PHP only leave text in between particular characters

Question

I have many strings that look like this:

[additional-text Sample text...]

There is always an opening bracket + additional-text + single space and a closing bracket in the end and I need to remove all of them, so that the final string would look like this:

Sample text...

Any help or guidance is much appreciated.

Answer 1

There is no need in regex, use substr:

$s = "[additional-text Sample text...]";
echo substr($s, 17, strlen($s)-18);

Where 17 is the length of [additional-text and 18 is the same + 1 for the last ].

See PHP demo

A regex solution is also basic:

^\[additional-text (.*)]$

or - if there can be no ] before the end:

^\[additional-text ([^]]*)]$

And replace with $1 backreference. See the regex demo, and here is a PHP demo:

$result = preg_replace('~^\[additional-text (.*)]$~', "$1", "[additional-text Sample text...]");
echo $result;

Pattern details:

• ^ - start of string
• \[ - a literal [
• additional-text - literal text
• (.*) - zero or more characters other than a newline as many as possible up to
• ]$ - a ] at the end of the string.

Answer 2

you can also do this

$a = '[additional-text Sample text...]';
$a= ltrim($a,"[additional-text ");
echo $a= rtrim($a,"]");

Answer 3

You can use this o get all matches within a text block:

preg_match_all("/\[additional-text (.*?)\]/",$text,$matches);

all your texts will be in $matches[1]. So that will be:

$text = "[additional-text Sample text...]dsfg fgfd[additional-text Sample text2...] foo bar adfd as ff";
preg_match_all("/\[additional-text (.*?)\]/",$str,$matches);
var_export($matches[1]);

Answer 4

Use substr to remove the first 17 characters.

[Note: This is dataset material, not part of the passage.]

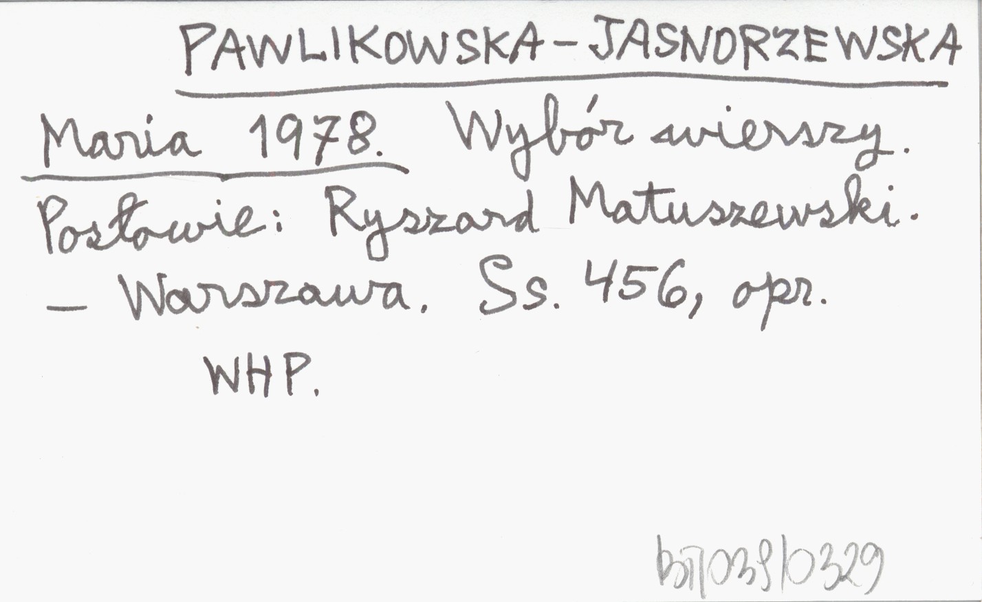 PAWLIKOWSKA-JASNORZEWSKA Maria 1978 Wybór wierszy.

Use regex to remove the last two:

$val = '[additional-text Sample text...]';
$text = preg_replace('#\]$#', '', substr($val, 17));

Answer 5

You can use:

$re = '/\[\S+\s|\]/'; 
$str = "[additional-text Sample text...]"; 

$result = preg_replace($re, '', $str);
//=> Sample text...

RegEx Demo

Answer 6

Get the substring you want to keep as a captured group:

^\[\S+\s([^]]+)\]$

Now in the replacement, use the only captured group, \1.

Demo